▶ **The problem**:
Using only the entries below, copy exactly the lines that begin at the one with "Фломастеры 06цв классические, вент." and end at the one with "1725 - سَمِعت", both included. Drop the pictures.

▶ **The records**:
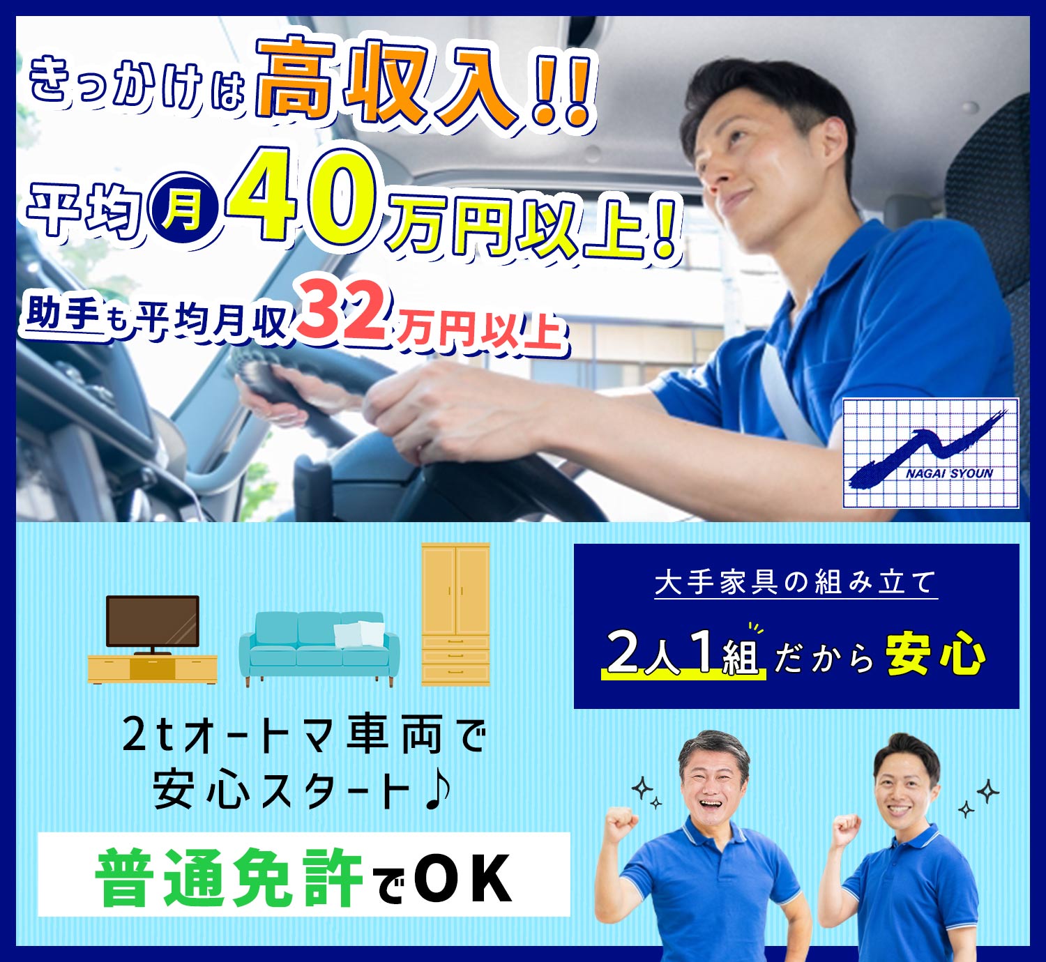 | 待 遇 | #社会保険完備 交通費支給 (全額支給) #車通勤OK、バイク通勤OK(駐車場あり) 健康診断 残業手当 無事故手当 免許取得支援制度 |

--

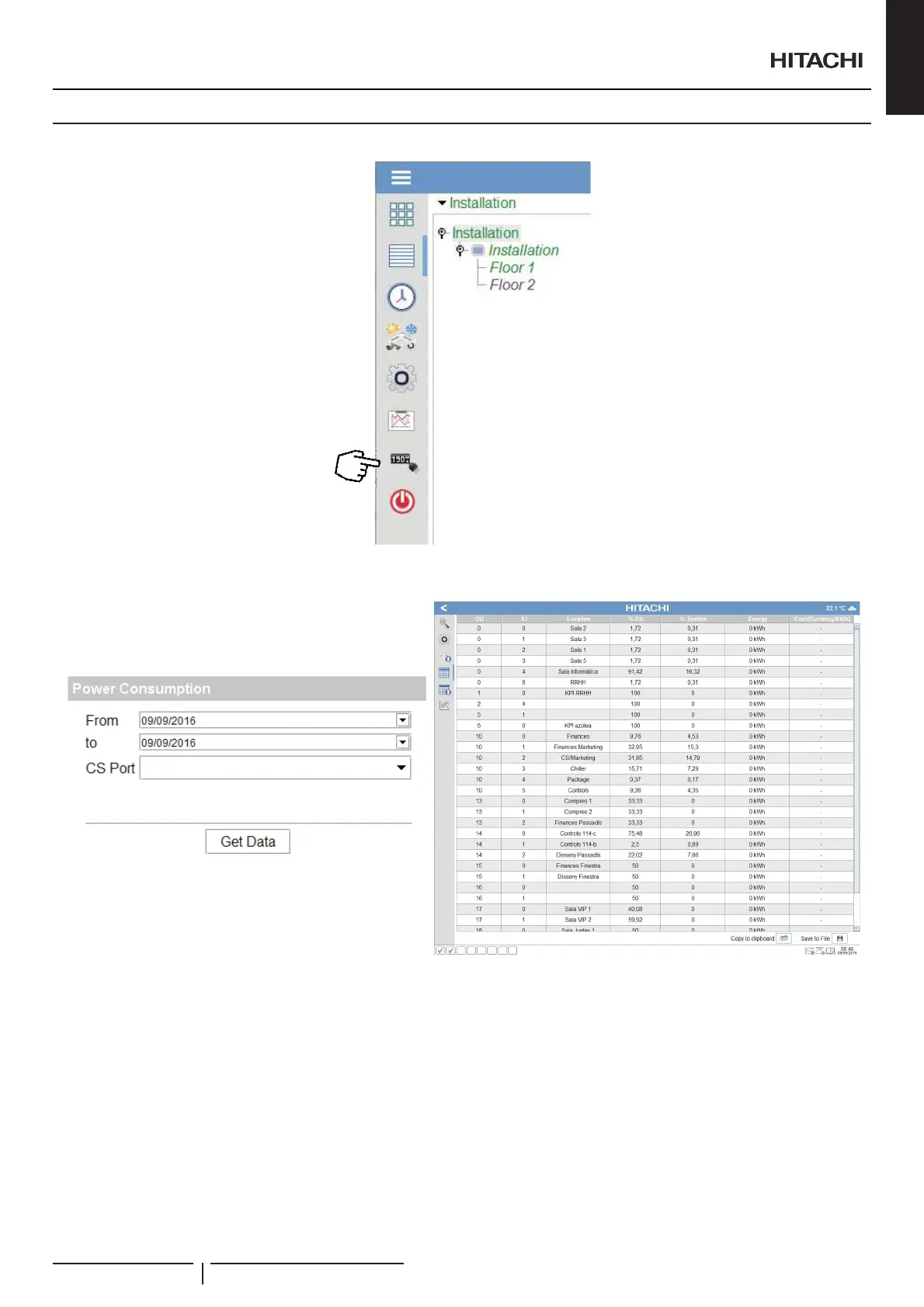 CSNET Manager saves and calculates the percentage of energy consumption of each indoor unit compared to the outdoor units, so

* * *

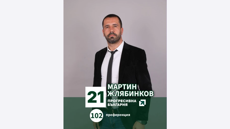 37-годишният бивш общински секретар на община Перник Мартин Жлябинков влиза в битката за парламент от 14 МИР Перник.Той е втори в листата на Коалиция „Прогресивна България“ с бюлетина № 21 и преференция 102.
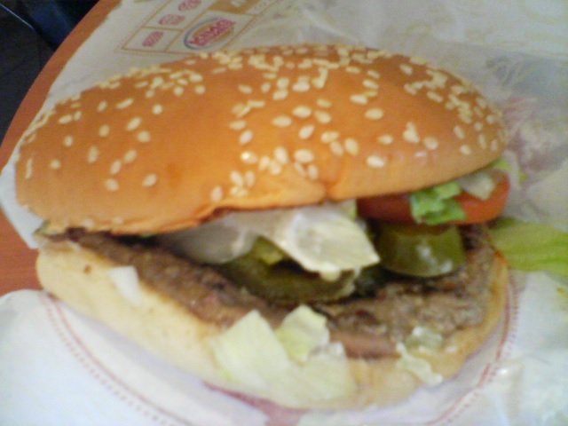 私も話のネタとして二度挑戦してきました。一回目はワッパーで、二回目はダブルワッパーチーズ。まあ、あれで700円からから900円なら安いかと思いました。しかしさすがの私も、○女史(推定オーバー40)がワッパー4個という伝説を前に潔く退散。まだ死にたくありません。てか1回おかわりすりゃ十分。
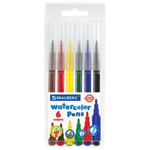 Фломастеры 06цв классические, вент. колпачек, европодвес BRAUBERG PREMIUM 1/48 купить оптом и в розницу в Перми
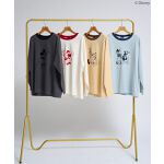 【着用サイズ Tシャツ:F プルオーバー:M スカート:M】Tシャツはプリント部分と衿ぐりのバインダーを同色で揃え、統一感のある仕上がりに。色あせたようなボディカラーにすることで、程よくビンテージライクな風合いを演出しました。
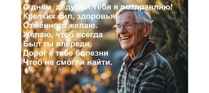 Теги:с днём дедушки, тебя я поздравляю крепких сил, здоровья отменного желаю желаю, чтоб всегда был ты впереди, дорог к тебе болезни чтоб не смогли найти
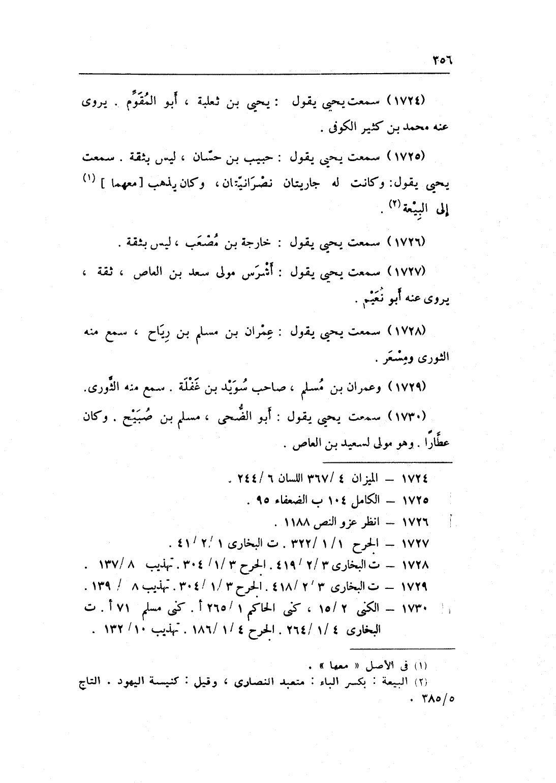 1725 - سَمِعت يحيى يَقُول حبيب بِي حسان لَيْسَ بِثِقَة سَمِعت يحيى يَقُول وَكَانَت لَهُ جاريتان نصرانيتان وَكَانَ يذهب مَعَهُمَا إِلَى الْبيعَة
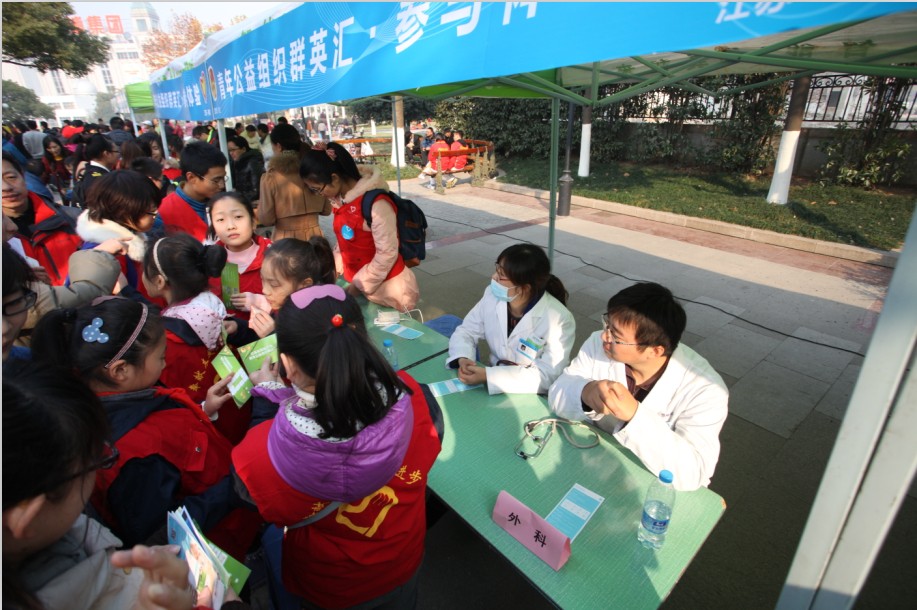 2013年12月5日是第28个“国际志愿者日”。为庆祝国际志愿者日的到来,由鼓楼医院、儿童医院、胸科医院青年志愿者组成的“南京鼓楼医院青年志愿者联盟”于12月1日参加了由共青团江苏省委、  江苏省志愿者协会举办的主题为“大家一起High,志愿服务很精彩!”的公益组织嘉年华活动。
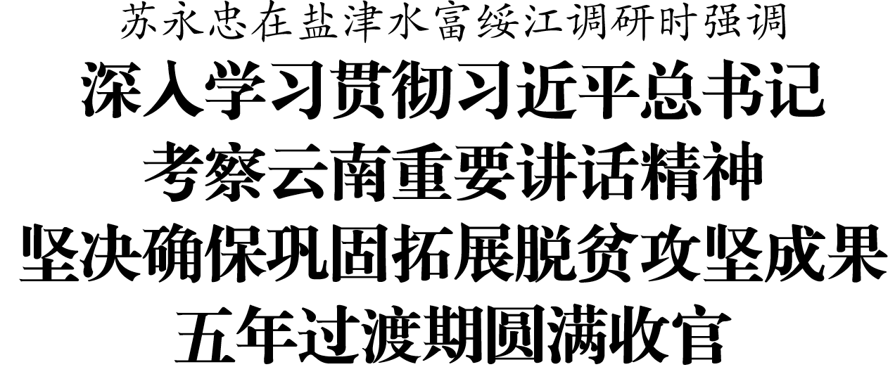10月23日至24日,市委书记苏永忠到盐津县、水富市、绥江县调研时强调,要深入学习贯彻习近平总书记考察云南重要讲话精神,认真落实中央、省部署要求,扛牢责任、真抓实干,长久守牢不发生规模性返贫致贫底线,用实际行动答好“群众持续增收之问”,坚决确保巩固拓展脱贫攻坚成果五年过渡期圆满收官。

▶ **Final answer**:
 Фломастеры 06цв классические, вент. колпачек, европодвес BRAUBERG PREMIUM 1/48 купить оптом и в розницу в Перми
 【着用サイズ Tシャツ:F プルオーバー:M スカート:M】Tシャツはプリント部分と衿ぐりのバインダーを同色で揃え、統一感のある仕上がりに。色あせたようなボディカラーにすることで、程よくビンテージライクな風合いを演出しました。
 Теги:с днём дедушки, тебя я поздравляю крепких сил, здоровья отменного желаю желаю, чтоб всегда был ты впереди, дорог к тебе болезни чтоб не смогли найти
 1725 - سَمِعت يحيى يَقُول حبيب بِي حسان لَيْسَ بِثِقَة سَمِعت يحيى يَقُول وَكَانَت لَهُ جاريتان نصرانيتان وَكَانَ يذهب مَعَهُمَا إِلَى الْبيعَة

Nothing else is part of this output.